WCNegentropy
/

BitTransformerLM

+#!/usr/bin/env python3
+"""
+Enhanced BitTransformerLM Generation Testing
+=============================================
+Test the promising generation improvements:
+1. Autoregressive generation with automatic parity correction
+2. Longer sequence generation (50, 100, 200+ characters)
+3. Optimized diffusion parameters (50+ steps)
+4. Direct comparison between generation methods
+Goal: See if we can get from "barely-contextual gibberish" to actual language!
+"""
+import sys
+import torch
+import torch.nn.functional as F
+from datetime import datetime
+sys.path.append('/data')
+sys.path.append('/data/BitTransformerLM')
+from bit_transformer import (
+    BitTransformerLM,
+    text_to_bits,
+    bits_to_text,
+    diffusion_inference,
+    set_dropout,
+    enforce_parity
+)
+def load_full_attention_model():
+    """Load the full attention BitTransformerLM model."""
+    print("🚀 Loading Full Attention BitTransformerLM for enhanced generation testing...")
+    model = BitTransformerLM(
+        d_model=512, nhead=16, num_layers=8, dim_feedforward=1024,
+        max_seq_len=512, reversible=True, use_checkpoint=False,
+        use_autocast=False, use_act=True, act_threshold=0.9,
+        lambda_K=0.05, lambda_C=0.05, lambda_S=0.05,
+        chunk_size=None, overlap=0, full_attn_logging=True
+    )
+    checkpoint_path = '/data/BitTransformerLM/checkpoints/checkpoint_best.pt'
+    checkpoint = torch.load(checkpoint_path, map_location='cpu')
+    model.load_state_dict(checkpoint['model_state_dict'])
+    model.eval()
+    set_dropout(model, 0.0)
+    epoch = checkpoint.get('epoch', 'unknown')
+    loss = checkpoint.get('loss', 'unknown')
+    print(f"✅ Model loaded! Epoch: {epoch}, Loss: {loss}")
+    return model
+def autoregressive_generate_with_parity_correction(model, prompt, max_new_chars=20, temperature=0.7):
+    """
+    Autoregressive generation with automatic parity correction.
+    This should solve the parity check failure issue that blocked autoregressive evaluation.
+    """
+    print(f"\n🔄 Autoregressive generation with parity correction:")
+    print(f"   Prompt: '{prompt}' → generating {max_new_chars} characters...")
+    # Convert prompt to bits
+    input_bits = text_to_bits(prompt)
+    generated_bits = input_bits.copy()
+    with torch.no_grad():
+        for char_idx in range(max_new_chars):
+            char_bits = []
+            # Generate 8 data bits + 1 parity bit per character
+            for bit_idx in range(9):
+                # Use last 400 bits as context
+                context = generated_bits + char_bits
+                context = context[-400:] if len(context) > 400 else context
+                context_tensor = torch.tensor(context, dtype=torch.long).unsqueeze(0)

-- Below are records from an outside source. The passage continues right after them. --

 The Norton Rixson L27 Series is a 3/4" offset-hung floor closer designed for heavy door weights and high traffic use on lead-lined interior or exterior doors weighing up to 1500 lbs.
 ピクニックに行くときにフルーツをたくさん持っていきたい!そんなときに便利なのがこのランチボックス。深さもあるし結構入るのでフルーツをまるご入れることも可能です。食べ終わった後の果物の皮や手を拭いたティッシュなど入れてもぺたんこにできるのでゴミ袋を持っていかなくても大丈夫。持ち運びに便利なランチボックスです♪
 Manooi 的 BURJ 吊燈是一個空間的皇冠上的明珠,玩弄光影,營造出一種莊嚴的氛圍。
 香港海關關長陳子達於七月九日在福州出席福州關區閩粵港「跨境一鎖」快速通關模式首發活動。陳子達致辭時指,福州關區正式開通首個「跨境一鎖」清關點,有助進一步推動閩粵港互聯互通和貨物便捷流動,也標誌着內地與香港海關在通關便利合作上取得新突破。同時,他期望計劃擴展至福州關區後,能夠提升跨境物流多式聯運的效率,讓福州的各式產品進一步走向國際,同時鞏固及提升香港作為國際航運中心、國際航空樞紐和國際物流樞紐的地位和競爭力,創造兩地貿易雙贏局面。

+                # Get next bit prediction
+                logits, telemetry = model(context_tensor, causal=True)
+                next_bit_logits = logits[0, -1, :]

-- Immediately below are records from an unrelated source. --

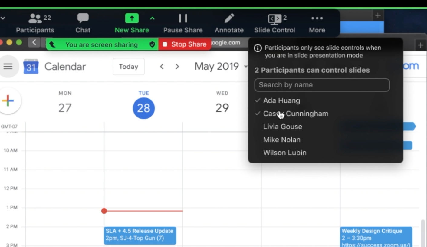 Поскольку докладчик не всегда самостоятельно управляет показом слайдов, теперь можно выбрать несколько пользователей для управления движением слайдов в презентации. Благодаря улучшениям в управлении слайдами докладчики больше не должны просить других присутствующих переключить слайд во время презентации, что повышает эффективность работы.
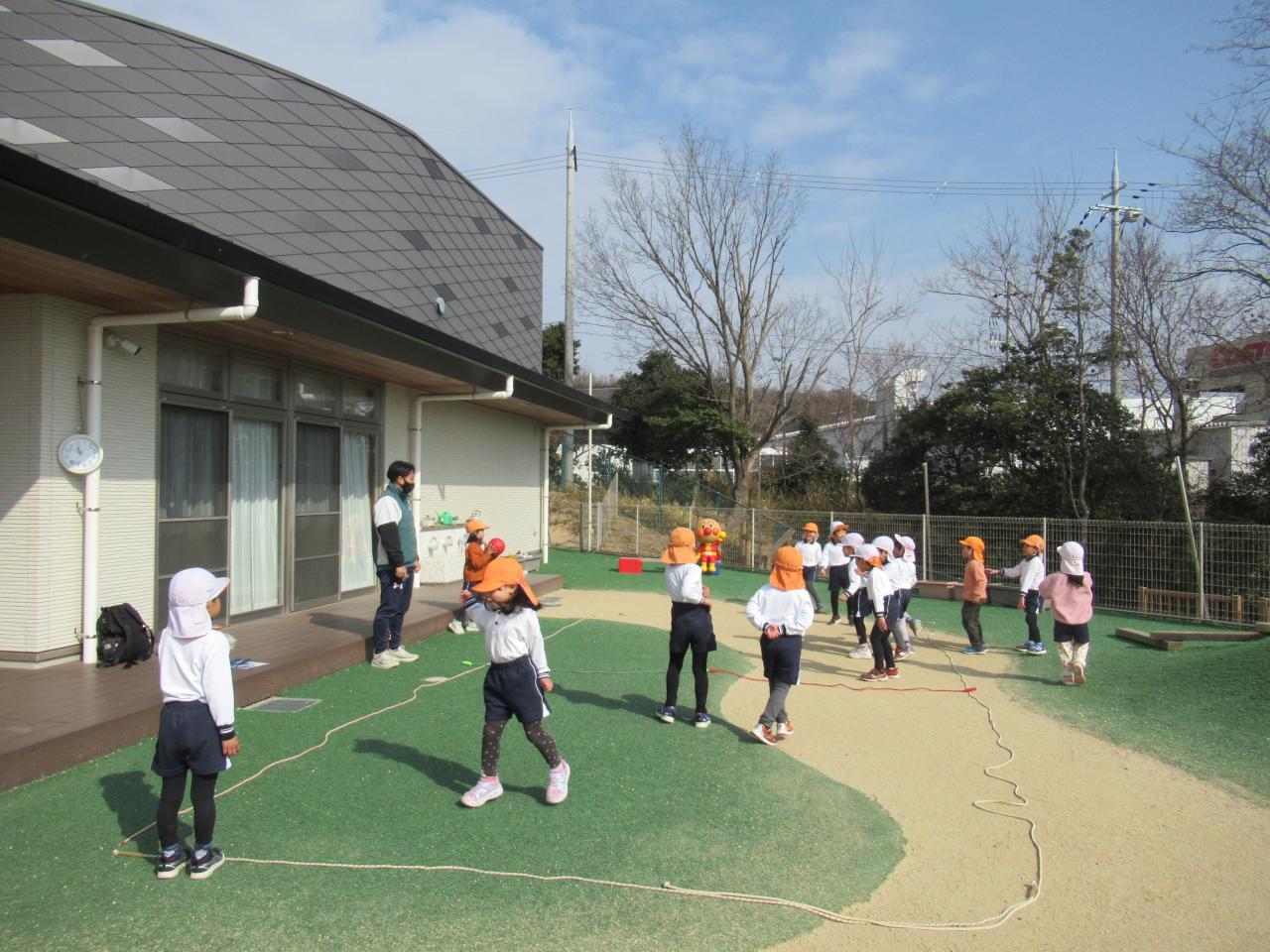 縄跳びをしました。跳んだ後にしゃがみ込んでしまわないようにすることや縄を回してすぐにジャンプすることを意識しています。数を自分でかぞえて、「さっきよりいっぱいできた!」と言いながら取り組んでいる子どもたちです。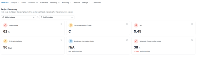 The Overview tab gives you a snapshot of project health, including:
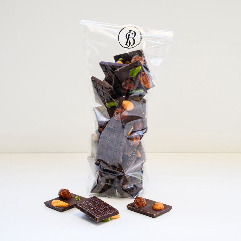 Ganache chocolat noir 68%, coque craquant au chocolat.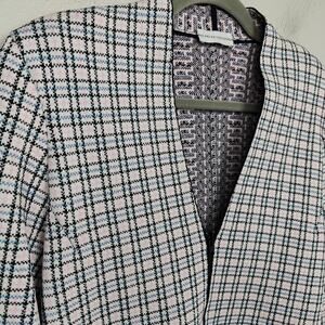 Scanlan Theodore Houndstooth Knit Blazer Womens Large White Blue Black Pastel Pink ZIp Up Preppy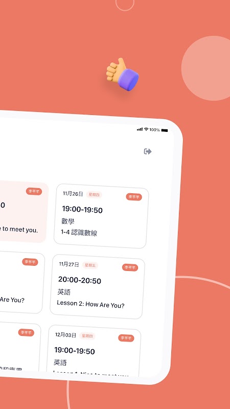 無論何時何處,一機在手即可進入線上教室,師生一對一專屬課程,開始 OneClass 的線上學習,完整課堂互動功能,如同面對面教學。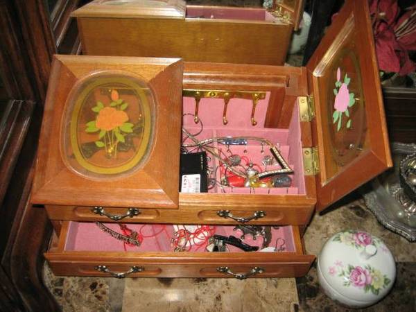 Jewelry box ask for price new ring in box $10/each yellow jade pendant $50 green jade necklace $200

+                if bit_idx < 8:  # Data bits
+                    # Apply temperature for controlled randomness
+                    if temperature > 0:
+                        next_bit_logits = next_bit_logits / temperature
+                        probs = F.softmax(next_bit_logits, dim=-1)
+                        next_bit = torch.multinomial(probs, 1).item()
+                    else:
+                        next_bit = torch.argmax(next_bit_logits).item()
+                else:  # Parity bit - calculate correct parity
+                    data_bits = char_bits[:8]
+                    expected_parity = sum(data_bits) % 2
+                    next_bit = expected_parity
+                char_bits.append(next_bit)
+            # Add character to generated sequence
+            generated_bits.extend(char_bits)
+        # Extract only the new bits (excluding prompt)
+        new_bits = generated_bits[len(input_bits):]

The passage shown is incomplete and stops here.